## DESCRIPTION OF THE TASK
When you return the lines below, go from the first through the line with "Продавец не совсем", keep them exact, and leave out every picture.

(THE DATA Opens)

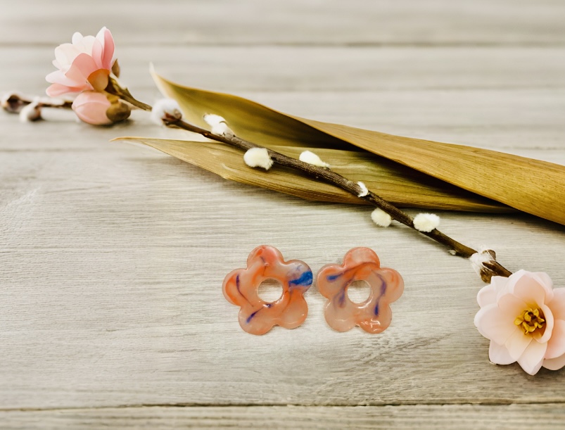 Estos pendientes están hechos en resina, con un diseño de flores detalladas que destaca por su textura de esmalte, aportando un acabado único y elegante. Cada pieza refleja trabajo artesanal y creatividad, ofreciendo un accesorio original y lleno de vida.
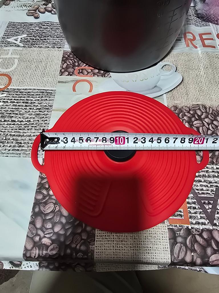 Продавец не совсем корректно описал свой товар о силиконовой крышке для кастрюли. Он пишет размеры: 20,4х24см. Мы поняли, что диаметр крышки по наружному диаметру составляет 24см, а оказывается, что это размер включая 'ушек' (ручки' по бокам крышки. Я считаю, что Продавец обманщик и не советую покупать эти крышки. Буду открывать спор т.к. Продавец ввёл в заблуждение Покупателей. См. Видео отзыв о красной крышке...
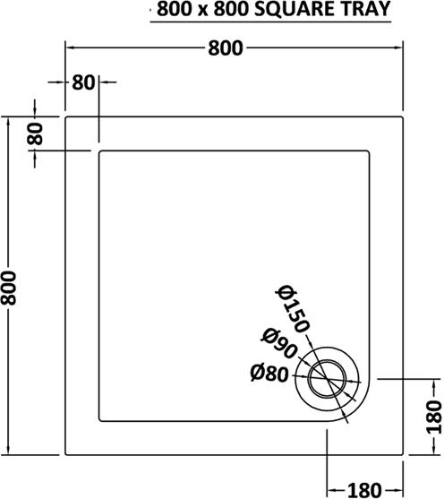 Acrylic capped low profile square shower tray. Size 800 x 800 x 45 mm.
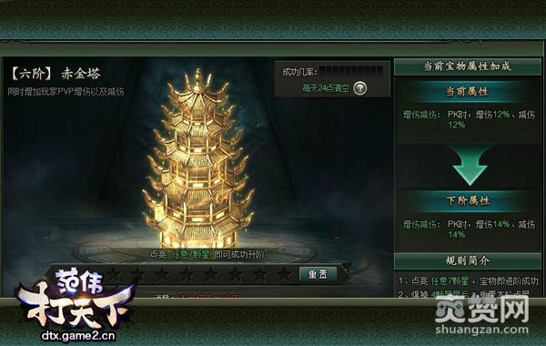 升阶过程中,玩家主要使用相应宝物的碎片,在10次升星中成功7次,宝物即可升阶。
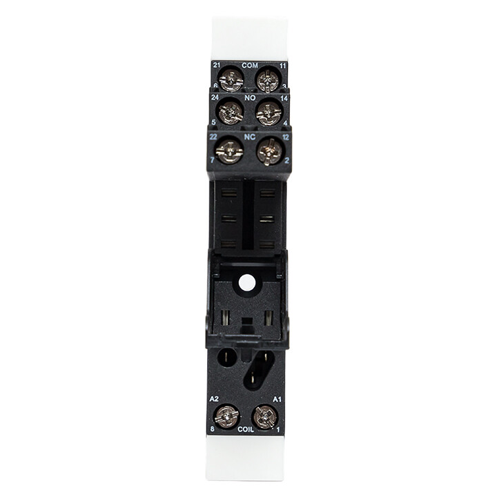 Разъемы модульные серии РМ4/РМ5 предназначаются для крепления реле промежуточных на 35-мм монтажной DIN-рейке. На модульном разъеме располагаются зажимы выводов переключающих контактов и катушки. Разъемы Push-in оснащены зажимными клеммами, в остальных разъемах используются винтовые клеммы.
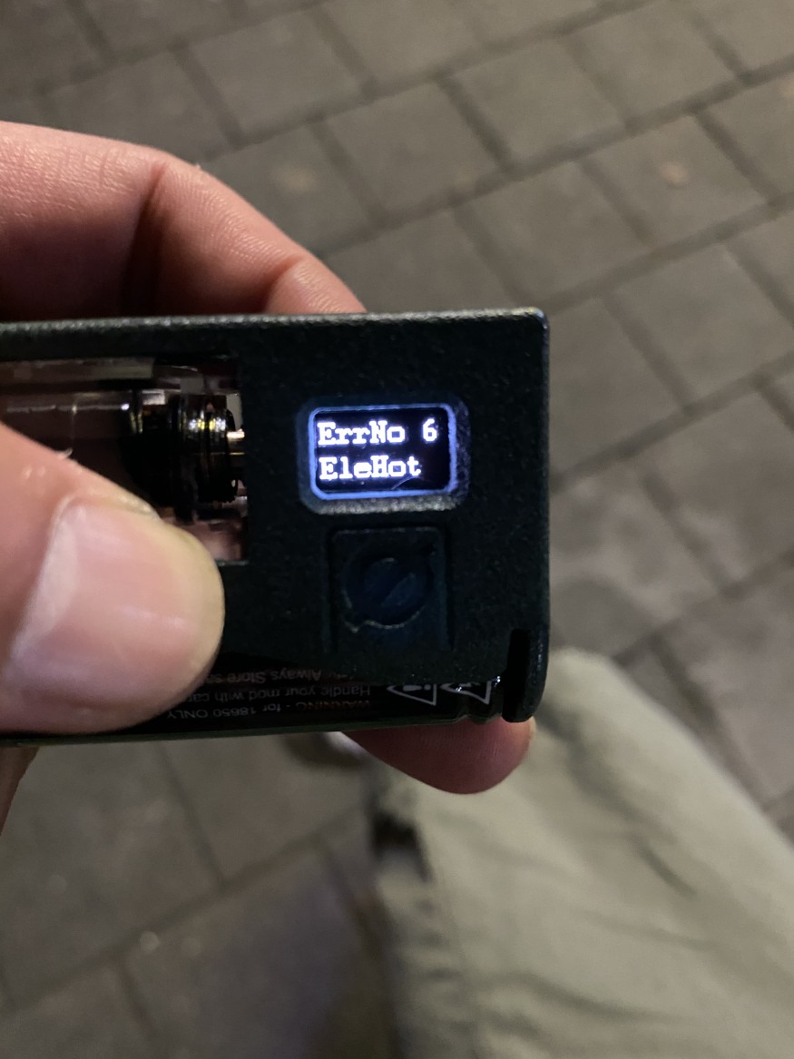 The electronics have heated up too much and needs to cool down. This error will not occur with normal usage of the mod 기기가 열을 너무 많이 받았어서 식혀야한다. 평범하게 사용한 경우에는 발생하지 않는 에러다. 라고 나오네요 |
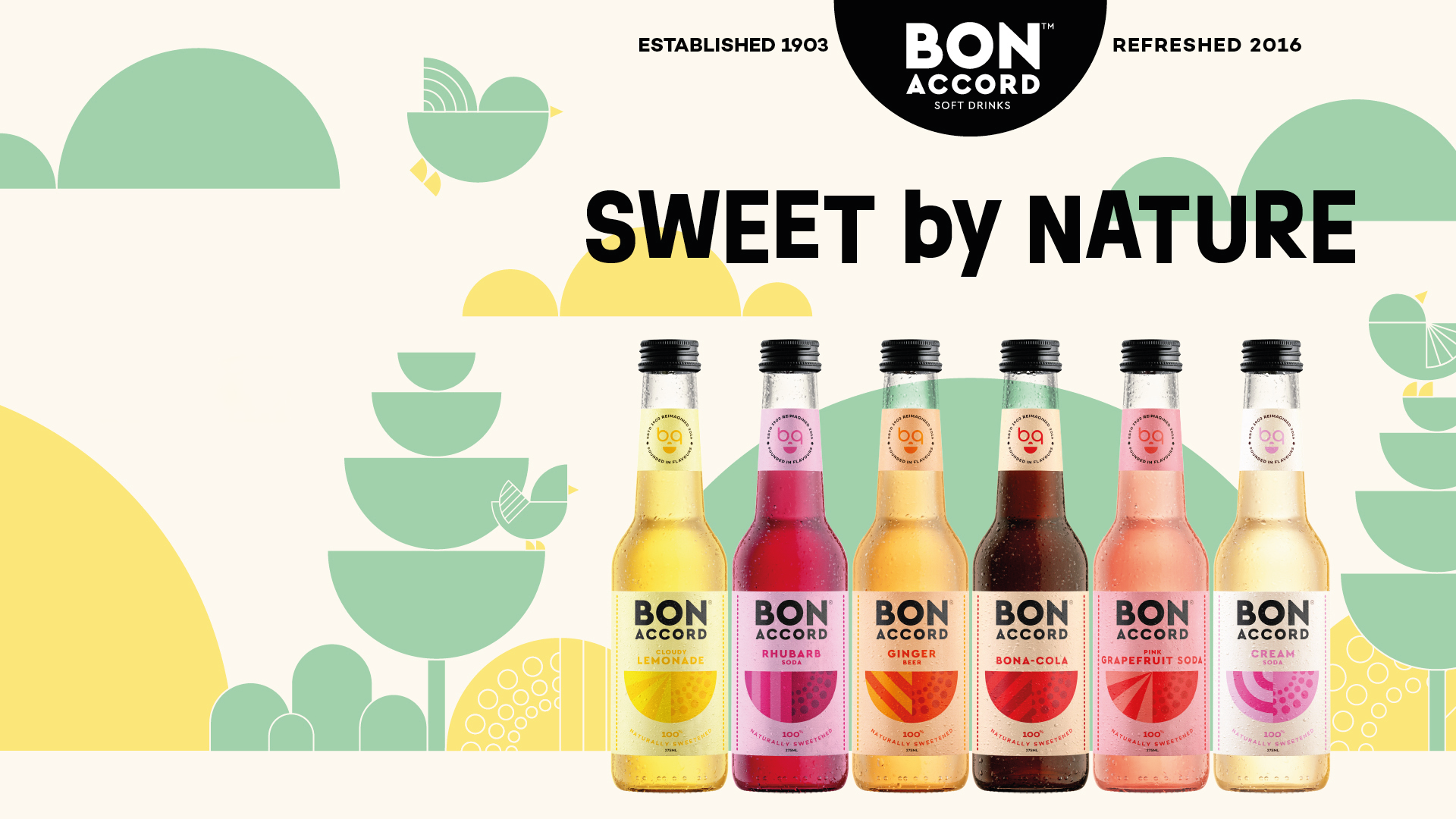 Bon Accord Soft Drinks is a family business established in 1903. We refreshed their brand positioning with a 'Joyfully juicy' strategic brand narrative that better communicates their range of healthier, naturally sweetened, more flavoursome soft drinks and mixers, and supports the delivery of ambitious commercial objectives. Taking inspiration from Bon Accord’s existing logo we created a new visual language introducing patterns, illustrations and a bespoke typographic treatment with which to showcase a new tone of voice.
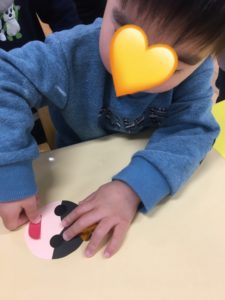 目や口のパーツ貼りをしました!
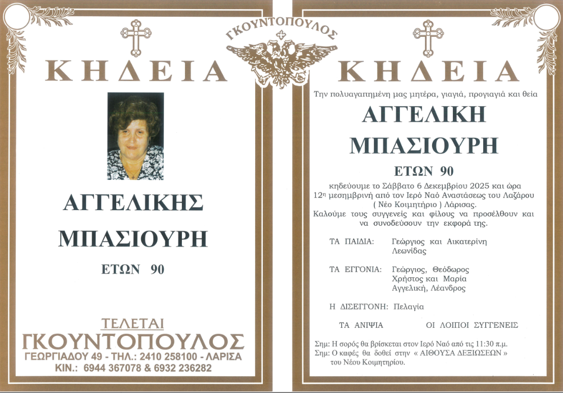Η κηδεία της θα γίνει αύριο Σάββατο στις 12 το μεσημέρι από τον Ιερό Ναό Αναστάσεως του Λαζάρου (Νέο Κοιμητήριο) Λάρισας.
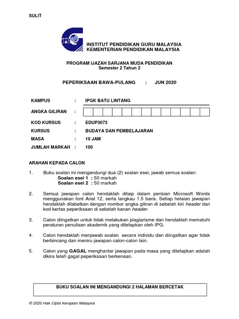 Ten Chia Ting 2018111340122 Kertas Jawapan Edup 3073 Docx Sulit Institut Pendidikan Guru Malaysia Kementerian Pendidikan Malaysia Program Ijazah Course Hero
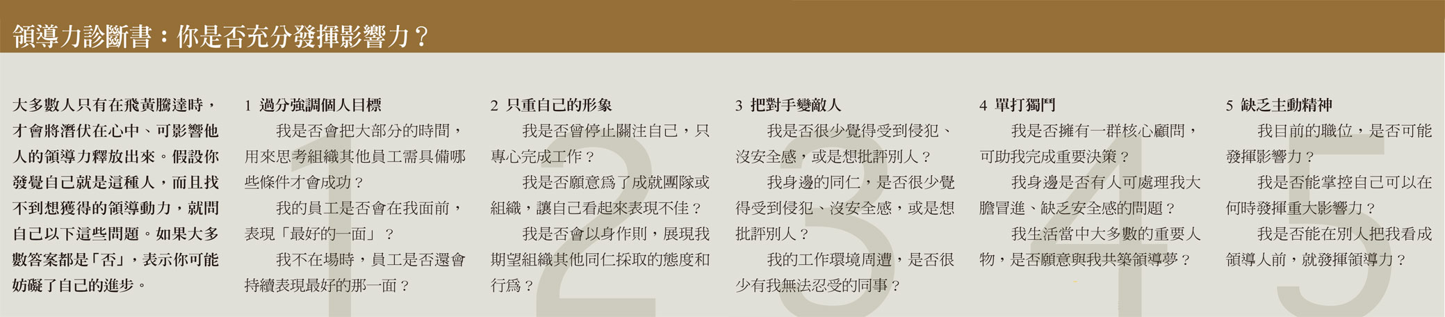 不過,太沈得住氣,可能對前途看好的領導人不利。耐心會逐步削弱我們的領導潛力,說服我們保持低調,努力不懈,等著別人發現我們努力的成果,然後好好犒賞我們,送給我們更大的頭銜,以及正式的職權。這種態度會遇到的問題是,一個健全的組織,只會獎勵主動領導的人。雖然權力總是伴隨著影響力,但兩者的關係,往往和我們想像中不一樣。比較常見的狀況是,先發揮影響力,才能獲得權勢,而非先有權力,才有影響力。我們研究的大多數傑出領導人,都不會等到取得正式許可後,才進行改變。雖然,他們最後都爬上了高位,但在此之前,他們就已展現領導力。他們藉由各種方式來運用手中非正式的權力。
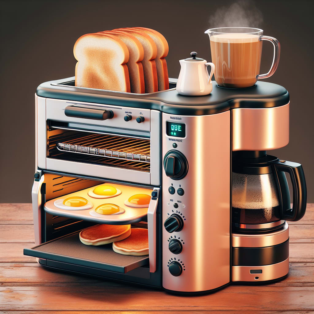 This compact device combines a toaster oven, coffee maker, and griddle, allowing you to prepare a full breakfast simultaneously
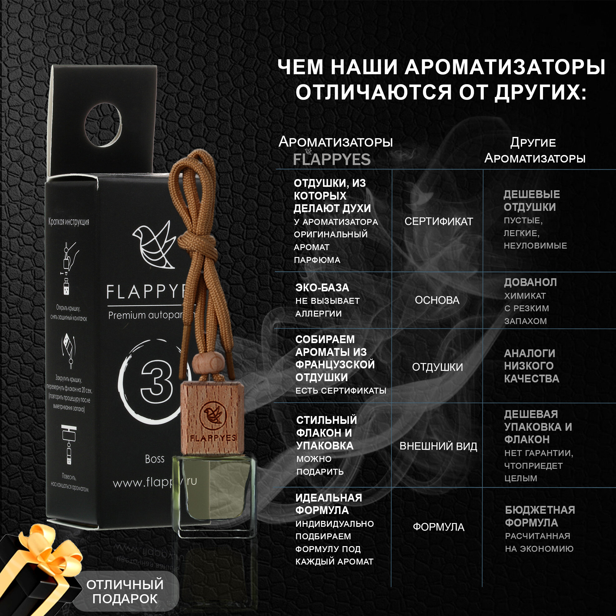 СохранитьАроматизатор для автомобиля и дома "Flappyes - Boss Bottled Intense" (Лёгкий аромат) / автопарфюм унисекс интересное:

(THE DATA Closes)

## RESULT FOR THIS EXERCISE
 Estos pendientes están hechos en resina, con un diseño de flores detalladas que destaca por su textura de esmalte, aportando un acabado único y elegante. Cada pieza refleja trabajo artesanal y creatividad, ofreciendo un accesorio original y lleno de vida.
 Продавец не совсем корректно описал свой товар о силиконовой крышке для кастрюли. Он пишет размеры: 20,4х24см. Мы поняли, что диаметр крышки по наружному диаметру составляет 24см, а оказывается, что это размер включая 'ушек' (ручки' по бокам крышки. Я считаю, что Продавец обманщик и не советую покупать эти крышки. Буду открывать спор т.к. Продавец ввёл в заблуждение Покупателей. См. Видео отзыв о красной крышке...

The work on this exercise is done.